## THE TASK
Please write out the listing exactly, leaving each picture out.

## EXERCISE DATA
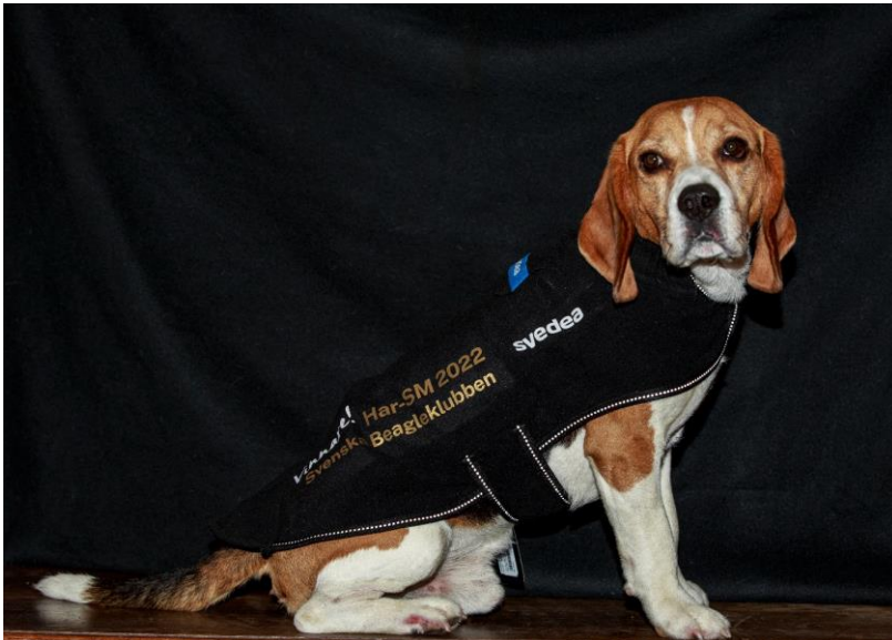
Vilagårdens Arrak, värdig vinnare!
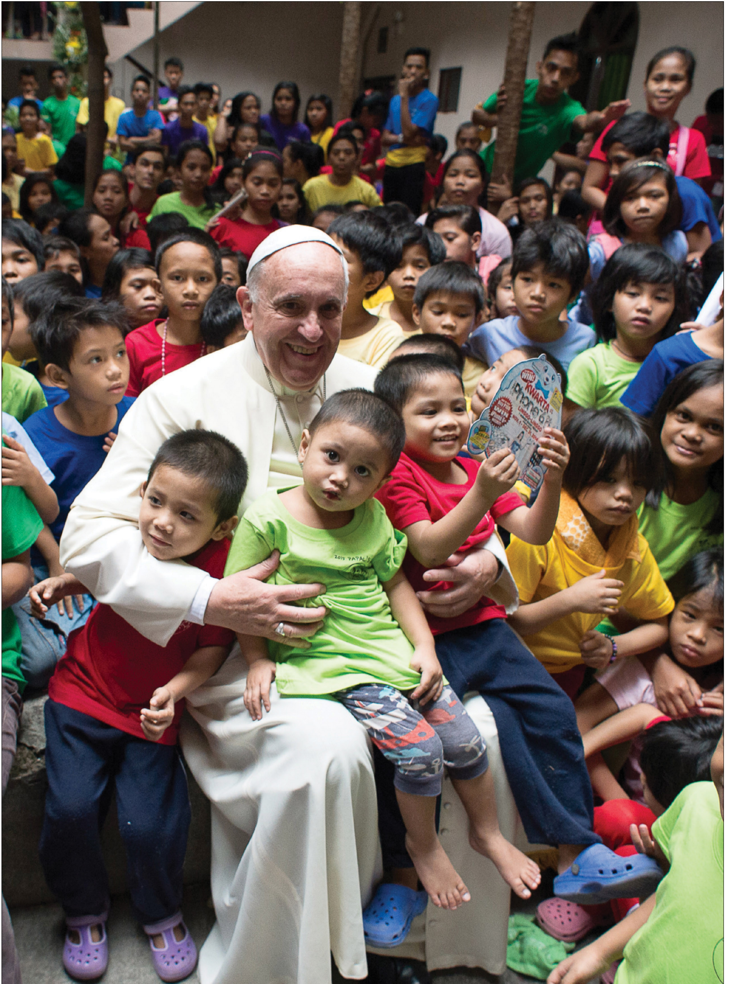
Francesco con i bambini della fondazione Anak-Tuk a Manila (16 gennaio 2015)
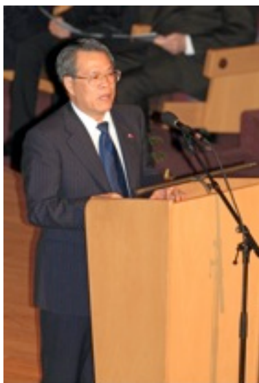
... Botschafter Zeng Xianqi bei der Rede über die Beziehungen China-Luxemburg und...
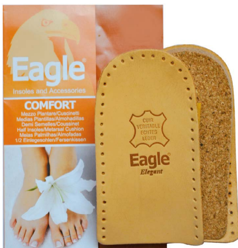
Alzatacco sughero e pelle pregiata, 25 mm Heel lift, cork and leather | 1-3

## EXERCISE SOLUTION
Vilagårdens Arrak, värdig vinnare!
Francesco con i bambini della fondazione Anak-Tuk a Manila (16 gennaio 2015)
... Botschafter Zeng Xianqi bei der Rede über die Beziehungen China-Luxemburg und...
Alzatacco sughero e pelle pregiata, 25 mm Heel lift, cork and leather | 1-3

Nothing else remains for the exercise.